Jakade similarity coefficient is an index to measure the similarity between two sets.

(2) Jakade distance

The opposite concept to Jacobian similarity coefficient is Jacques distance. Jacobian distance can be expressed by the following formula:

Jakade distance measures the discrimination between two sets by the proportion of different elements in all the elements in the two sets.

(3) Application of Jakade similarity coefficient and Jakade distance.

Jakade similarity coefficient can be used to measure the similarity of samples.

Sample a and sample b are two n-dimensional vectors, and the values of all dimensions are 0 or 1. For example: A (011) and B (101). We regard the sample as a set, 1 means that the set contains elements, and 0 means that the set does not contain elements.

P: both sample a and sample b are dimensions of 1

Q: Sample A is 1 and sample B is the dimension of 0.

R: sample a is 0 and sample b is 1.

S: both sample a and sample b are dimensions of 0.

Then the Jacobian similarity coefficient of samples A and B can be expressed as:

Here p+q+r can be understood as the number of elements in the union of a and b, and p is the number of elements in the intersection of a and b.

The jekade distance between samples a and b is expressed as:

Correlation coefficient is a method to measure the correlation degree of random variables X and Y, and the range of correlation coefficient is [- 1, 1]. The greater the absolute value of the correlation coefficient, the higher the degree of correlation between X and Y. When X and Y are linearly correlated, the correlation coefficient is 1 (positive linear correlation) or-1 (negative linear correlation).

(2) Definition of correlation distance

Information entropy does not belong to similarity measure. Then why put it in this article? This. . . I don't know, either. (╯▽╰)

Information entropy is a measure of the degree of confusion or dispersion of distribution. The more dispersed (even) the distribution, the greater the information entropy. The more orderly (or concentrated) the distribution, the smaller the information entropy.

Meaning of parameters:

N: the number of classifications of sample set X.

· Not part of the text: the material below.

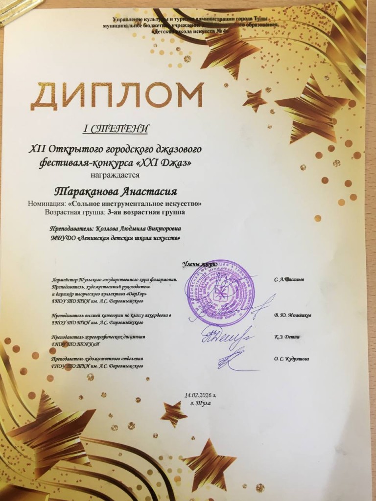 диплом 1 ст.- Тараканова Анастасия (гитара), преподаватель Козлова Л. В.
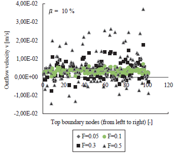 Figure 7 Outflow velocity at the top boundary nodes. Mean fine content of

Probability of class I elements in pi: x

The greater the information entropy, the more dispersed the classification of sample set S, the smaller the information entropy, and the more concentrated the classification of sample set X.. When the probability of n classifications in S is the same (all are 1/n), the maximum value of information entropy is log2(n). When x has only one classification, the minimum value of information entropy is 0.